- _SUPPLIED DATA_:
-- Opening Marker --

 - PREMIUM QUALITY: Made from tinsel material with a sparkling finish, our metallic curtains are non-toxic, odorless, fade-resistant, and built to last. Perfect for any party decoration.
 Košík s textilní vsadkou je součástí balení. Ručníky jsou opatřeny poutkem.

-- Closing Marker --
-- Opening Marker --

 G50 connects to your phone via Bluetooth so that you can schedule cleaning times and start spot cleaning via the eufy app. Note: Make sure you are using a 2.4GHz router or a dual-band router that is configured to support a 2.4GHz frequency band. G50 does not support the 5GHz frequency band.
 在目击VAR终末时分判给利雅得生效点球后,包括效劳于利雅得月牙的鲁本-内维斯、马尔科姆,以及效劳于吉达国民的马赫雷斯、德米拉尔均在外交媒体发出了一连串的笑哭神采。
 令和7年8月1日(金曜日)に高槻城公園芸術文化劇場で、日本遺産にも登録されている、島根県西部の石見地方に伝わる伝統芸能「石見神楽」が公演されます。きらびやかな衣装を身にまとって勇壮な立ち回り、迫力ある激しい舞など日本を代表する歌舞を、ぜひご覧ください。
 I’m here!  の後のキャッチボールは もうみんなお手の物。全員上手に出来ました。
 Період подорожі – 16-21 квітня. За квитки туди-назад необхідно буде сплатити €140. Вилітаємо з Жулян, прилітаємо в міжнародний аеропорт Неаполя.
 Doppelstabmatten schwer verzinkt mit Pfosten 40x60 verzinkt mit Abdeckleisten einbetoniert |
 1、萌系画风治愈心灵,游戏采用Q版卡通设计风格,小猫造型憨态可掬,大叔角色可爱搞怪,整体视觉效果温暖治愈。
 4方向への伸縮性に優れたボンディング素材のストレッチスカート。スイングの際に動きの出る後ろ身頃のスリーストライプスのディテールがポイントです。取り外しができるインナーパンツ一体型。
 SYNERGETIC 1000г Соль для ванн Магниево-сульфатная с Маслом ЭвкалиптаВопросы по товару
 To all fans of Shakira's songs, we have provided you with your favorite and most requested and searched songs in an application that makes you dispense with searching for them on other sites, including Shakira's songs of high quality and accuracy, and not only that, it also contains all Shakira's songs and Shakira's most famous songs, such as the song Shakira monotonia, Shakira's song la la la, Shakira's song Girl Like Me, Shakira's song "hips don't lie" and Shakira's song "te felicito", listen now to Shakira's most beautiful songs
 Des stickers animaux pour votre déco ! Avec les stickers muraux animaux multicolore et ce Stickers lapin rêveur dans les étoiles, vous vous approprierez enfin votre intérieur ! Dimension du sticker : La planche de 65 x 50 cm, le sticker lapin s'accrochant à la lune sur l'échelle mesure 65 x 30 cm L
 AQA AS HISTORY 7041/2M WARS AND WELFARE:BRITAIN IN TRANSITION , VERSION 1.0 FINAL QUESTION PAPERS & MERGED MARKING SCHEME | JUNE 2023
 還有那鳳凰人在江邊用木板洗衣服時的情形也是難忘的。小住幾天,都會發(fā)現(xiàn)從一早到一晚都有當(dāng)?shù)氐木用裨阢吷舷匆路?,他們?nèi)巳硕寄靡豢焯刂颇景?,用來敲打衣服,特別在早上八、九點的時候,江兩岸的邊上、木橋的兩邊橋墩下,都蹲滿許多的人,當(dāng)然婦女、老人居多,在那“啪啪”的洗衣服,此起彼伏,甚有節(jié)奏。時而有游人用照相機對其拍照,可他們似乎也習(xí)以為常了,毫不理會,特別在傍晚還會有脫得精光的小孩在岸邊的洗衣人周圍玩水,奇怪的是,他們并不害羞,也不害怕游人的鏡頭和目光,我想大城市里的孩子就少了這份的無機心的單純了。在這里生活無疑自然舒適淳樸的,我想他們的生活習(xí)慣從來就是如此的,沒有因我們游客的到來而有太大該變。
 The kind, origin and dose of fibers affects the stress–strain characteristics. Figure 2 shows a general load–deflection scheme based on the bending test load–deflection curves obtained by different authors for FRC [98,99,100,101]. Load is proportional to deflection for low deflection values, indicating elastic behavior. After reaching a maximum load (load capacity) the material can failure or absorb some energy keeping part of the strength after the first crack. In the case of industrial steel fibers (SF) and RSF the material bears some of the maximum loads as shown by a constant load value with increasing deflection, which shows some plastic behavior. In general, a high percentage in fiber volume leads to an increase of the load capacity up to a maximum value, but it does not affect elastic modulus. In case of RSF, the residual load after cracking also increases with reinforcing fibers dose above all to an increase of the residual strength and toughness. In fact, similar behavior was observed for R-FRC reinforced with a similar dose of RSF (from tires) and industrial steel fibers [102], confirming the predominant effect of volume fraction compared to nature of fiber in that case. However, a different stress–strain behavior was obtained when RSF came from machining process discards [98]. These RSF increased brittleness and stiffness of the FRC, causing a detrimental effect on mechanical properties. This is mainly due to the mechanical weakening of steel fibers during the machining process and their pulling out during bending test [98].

-- Closing Marker --

- _WORK INSTRUCTION_: Lines to set down from above: the line with "1、萌系画风治愈心灵,游戏采", the line with "SYNERGETIC 1000г Соль", and every line between, each exactly as written.

- _RESPONSE AREA_:
 1、萌系画风治愈心灵,游戏采用Q版卡通设计风格,小猫造型憨态可掬,大叔角色可爱搞怪,整体视觉效果温暖治愈。
 4方向への伸縮性に優れたボンディング素材のストレッチスカート。スイングの際に動きの出る後ろ身頃のスリーストライプスのディテールがポイントです。取り外しができるインナーパンツ一体型。
 SYNERGETIC 1000г Соль для ванн Магниево-сульфатная с Маслом ЭвкалиптаВопросы по товару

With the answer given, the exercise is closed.